The material below should be copied line for line, please, with pictures omitted.

- Given data
----

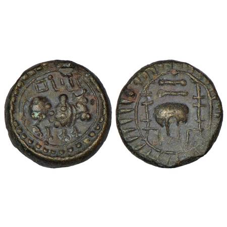 Early Medieval Maharashtra, Khandesh region - 'bull' type alloyed copper coin of 'Vishnukundin' fabric, attributed to 'Kushala'/'Vishala', probably a local Rashtrakuta ruler (c.600-700 AD), 2.55g. Obv: bull standing facing right; Brahmi legend Kushalah / Vishalah above. Rev: Kalasha or vase of plenty between two lamp-posts within a rayed circle.
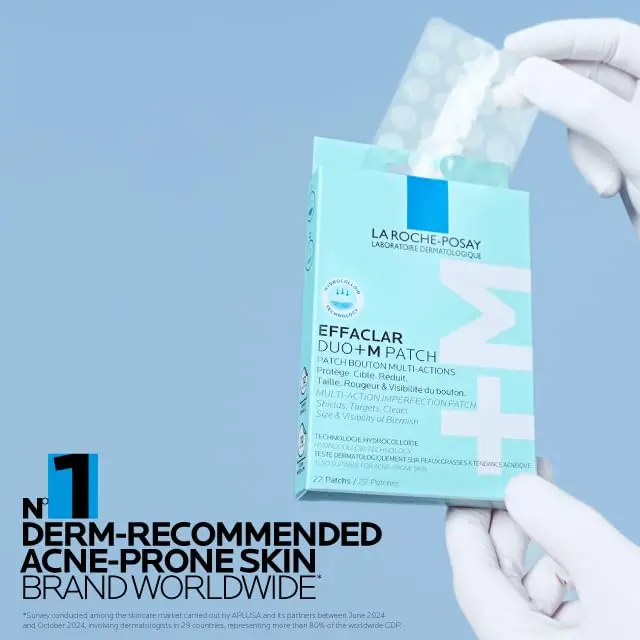 Target blemishes effectively and discreetly with La Roche-Posay Effaclar Multi-Target Blemish Patches. These invisible patches work in just 3 hours to visibly absorb gunk and reduce the appearance of post-acne marks. The hydrocolloid patch, with its 420-micron thickness, creates a strong barrier, optimizing the absorption of impurities and excess oil. Designed for both day and night wear, these patches are virtually invisible, allowing you to wear them confidently under makeup while shielding blemishes from external irritants. Dermatologist-tested and allergy-tested, these patches are safe and suitable for acne-prone skin. They offer a comprehensive approach to blemish treatment by preventing picking and protecting against external aggressors, targeting visible size and redness, and effectively absorbing gunk and excess oil, making them ideal for oily skin. In consumer tests, 94% of users agreed their spot looked flattened*, 96% agreed it protects and makes the spot less visible*, and 96% agreed it prevents the spot from worsening*. Experience clearer, healthier-looking skin with La Roche-Posay’s innovative blemish patches. Get rapid relief and promote faster healing with these easy-to-use, virtually undetectable patches that fit seamlessly into your skincare routine. *Self assessment in a consumer test.
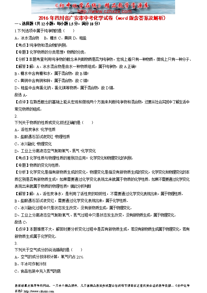 2016年四川省广安市中考化学试卷(word版含答案及解析)
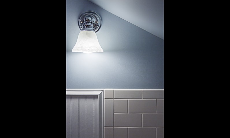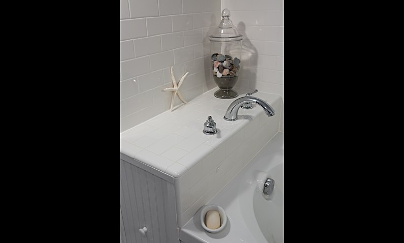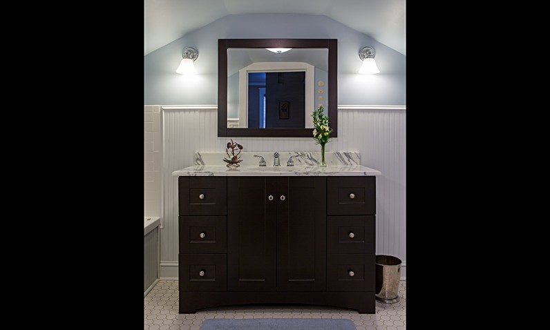 Hard to believe, but this one was carved out of a second-story space that originally contained only an old bathtub, small vanity and toilet.  The project began with closing off the exterior window to make room for the large bureau-style vanity and mirror.  The old claw-foot tub was replaced with a beautiful Jacuzzi tub.  The toilet was relocated around the corner just out of sight from the bedroom doorway.  While white subway tile and bead board are popular retro-style materials today, here they work well to enhance a beautiful master bath design while maintaining the rich character of this older home.

----

- Your solution
 Early Medieval Maharashtra, Khandesh region - 'bull' type alloyed copper coin of 'Vishnukundin' fabric, attributed to 'Kushala'/'Vishala', probably a local Rashtrakuta ruler (c.600-700 AD), 2.55g. Obv: bull standing facing right; Brahmi legend Kushalah / Vishalah above. Rev: Kalasha or vase of plenty between two lamp-posts within a rayed circle.
 Target blemishes effectively and discreetly with La Roche-Posay Effaclar Multi-Target Blemish Patches. These invisible patches work in just 3 hours to visibly absorb gunk and reduce the appearance of post-acne marks. The hydrocolloid patch, with its 420-micron thickness, creates a strong barrier, optimizing the absorption of impurities and excess oil. Designed for both day and night wear, these patches are virtually invisible, allowing you to wear them confidently under makeup while shielding blemishes from external irritants. Dermatologist-tested and allergy-tested, these patches are safe and suitable for acne-prone skin. They offer a comprehensive approach to blemish treatment by preventing picking and protecting against external aggressors, targeting visible size and redness, and effectively absorbing gunk and excess oil, making them ideal for oily skin. In consumer tests, 94% of users agreed their spot looked flattened*, 96% agreed it protects and makes the spot less visible*, and 96% agreed it prevents the spot from worsening*. Experience clearer, healthier-looking skin with La Roche-Posay’s innovative blemish patches. Get rapid relief and promote faster healing with these easy-to-use, virtually undetectable patches that fit seamlessly into your skincare routine. *Self assessment in a consumer test.
 2016年四川省广安市中考化学试卷(word版含答案及解析)
 Hard to believe, but this one was carved out of a second-story space that originally contained only an old bathtub, small vanity and toilet.  The project began with closing off the exterior window to make room for the large bureau-style vanity and mirror.  The old claw-foot tub was replaced with a beautiful Jacuzzi tub.  The toilet was relocated around the corner just out of sight from the bedroom doorway.  While white subway tile and bead board are popular retro-style materials today, here they work well to enhance a beautiful master bath design while maintaining the rich character of this older home.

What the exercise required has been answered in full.